Random Thoughts of a Wandering Mind
Whenever I pass through a forest or roam through a sparse vegetation on the outskirts of a town, I see so many trees I can’t name. I hear a lot of different chirps, and I wonder which bird it is. I don’t know why, but its really frustrating for me to be unable to recognise a tree by its leaf and a bird by its sound. Now on the other hand, do you remember the number of times you learnt World Geography? The Prairies and the Savannas, each and every continent, their countries, climates and crops, their minerals and industries, trade, culture and people, everything? I remember learning it twice during my schooling years, and the way our teachers taught it, the only message that reached my brain was – wow, thats a lot to remember! And now comes the funniest part of it – I remember very little of it ; actually, except the world map maybe, I remember nothing. So I often wonder why my teachers didn’t curtail one year of World Geography and rather taught me to recognise my own surroundings. Hadn’t I felt a greater sense of belonging had I known them better? Hadn’t I learnt to protect them and cherish them, had I known them as one of my own?

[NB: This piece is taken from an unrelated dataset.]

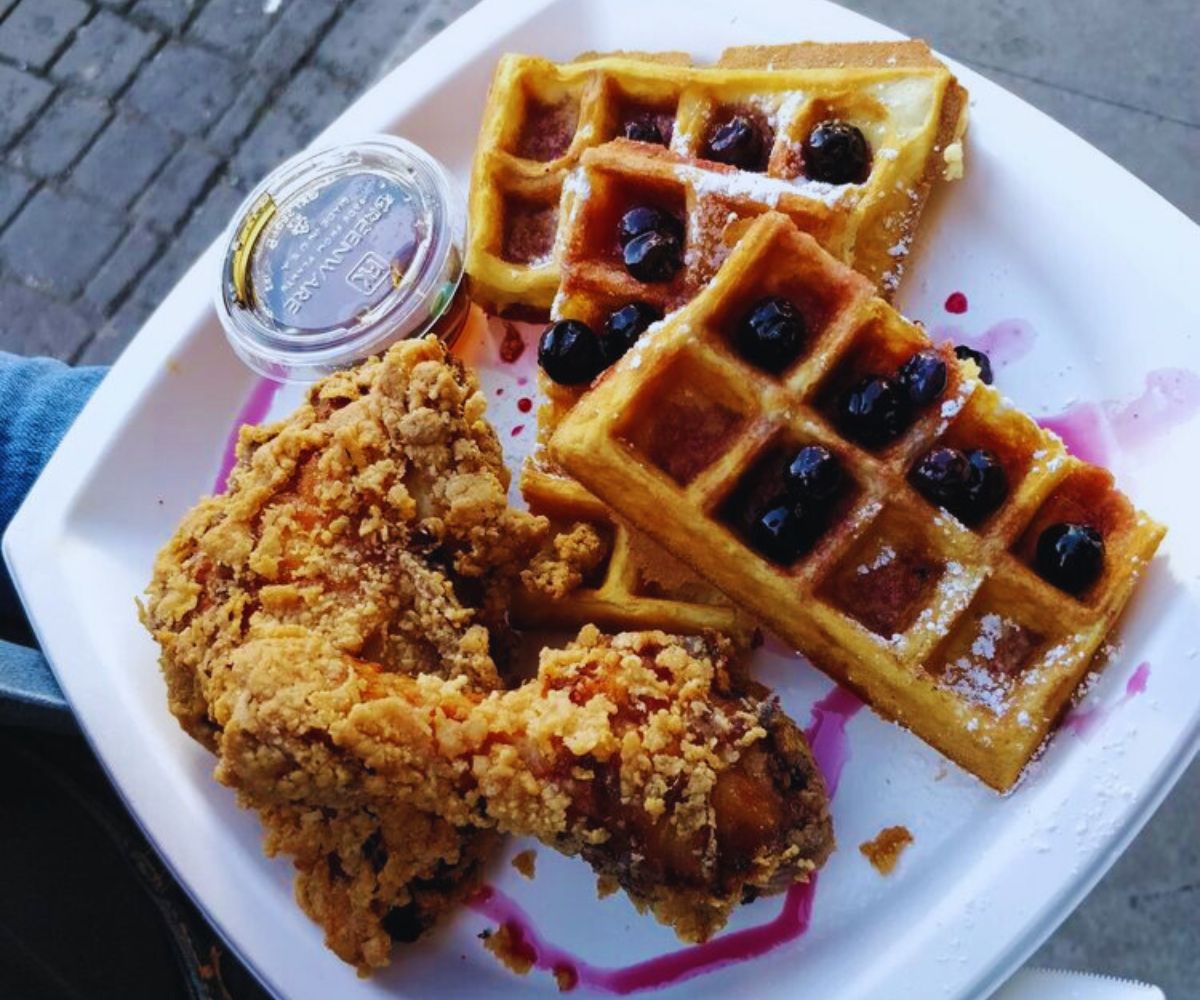 Chicken & Waffle / Chicken in Waffles: Crisp fried chicken served with a Belgian waffle and maple or sriracha‑spiked syrup (sometimes with chicken cooked right into the waffle) creates a playful, sweet‑meets‑spicy feast that feels indulgent and fun, like brunch and bar food crashing into one delicious plate. 🧇🔥

In Maharashtra, where I studied, the state board textbooks teach us the Indian Freedom Struggle in three different classes during schooling. For the first time in class 5, then in class 8, and finally in class 10. Each time, the chapters add more dates, more names, more data to remember and rote. In class 5, we come to know that Mahatma Gandhi carried out the Dandi March to mark the beginning of Salt Satyagraha. In class 8, we come to know that it started on the 12th of March 1930 from the Sabarmati Ashram and we came to know of every leader who took part in it. In class 10, we came to know that it lasted for 24 days and 390 kilometers over 4 districts and 48 villages, we studied the entire map route of the March and the precise timing when the Mahatma picked up a fistful of salt from the shores of Dandi.

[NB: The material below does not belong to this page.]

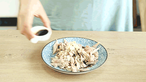 4.將雞腿肉手撕成條,加入蒜末、陳醋、生抽、糖、鹽拌勻(想吃重口一點的,可以將雞肉撕得盡量細一些,更好入味)。

I know it is really ungrateful to be so sarcastic about our honourable leaders. To be honest, I respect them all from the bottom of my heart. But I believe that the purpose of history is not to honour the dead, it is rather to inspire the living. Studying the Freedom Struggle once is a must, twice is good – to know more details, but thrice is so unnecessary! I often wonder how many of us have ever been encouraged by our glorious history the way we learnt it in school. And I also wonder whether it would’ve been much more fruitful if they had instead compiled the history of Indian industrialists – The Tatas, the Birlas, the Ambanis, the Mittals, the Mallyas- all of those who gave India an identity in the World today. And if to this compilation they had added the stories of Jagdishchandra Basu, Meghnada Saha, Ramanujan and C V Raman. And if they had been accompanied by Kapil Dev and Dara Singh, and P.T. Usha and Subbalakhshmi.. If instead of telling us how the Dandi March was carried on, they had told us how the IISc was established, and how India launched her first rocket and won her First World Cup… That would’ve inspired me a lot, I am sure.

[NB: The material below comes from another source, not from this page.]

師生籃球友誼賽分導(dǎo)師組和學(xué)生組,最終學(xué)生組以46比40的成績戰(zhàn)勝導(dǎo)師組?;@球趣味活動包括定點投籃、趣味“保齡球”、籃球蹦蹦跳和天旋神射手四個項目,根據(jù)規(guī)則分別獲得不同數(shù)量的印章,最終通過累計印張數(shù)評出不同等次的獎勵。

How many times have you learnt about the Four Types of Pollution and all the blah blah about it during school? How many times did you learn in Environmental Studies, that you shouldn’t waste water and electricity, that they are precious? And have you seen those huge neon sign advertisements every meter away on city streets? Well, I come from a town in Vidarbha where we get drinking water from the Municipality every 15 days, and during summer there is 14 hours of power cut per day. Yes, a day has 24 hours. I sometimes wish that students from the cities should sometimes be taken to visit such towns instead of making them recite the types and sources and all the crap about precious resources. I am sure those students know about such living conditions, but if they saw this with their own eyes, and lived through it for a day or two, it will be a lesson well learnt.
There is just so much more that I can add to this list. There are just so many things I wish to change about the way things are taught in India, especially at the school level. Someday, I believe I will.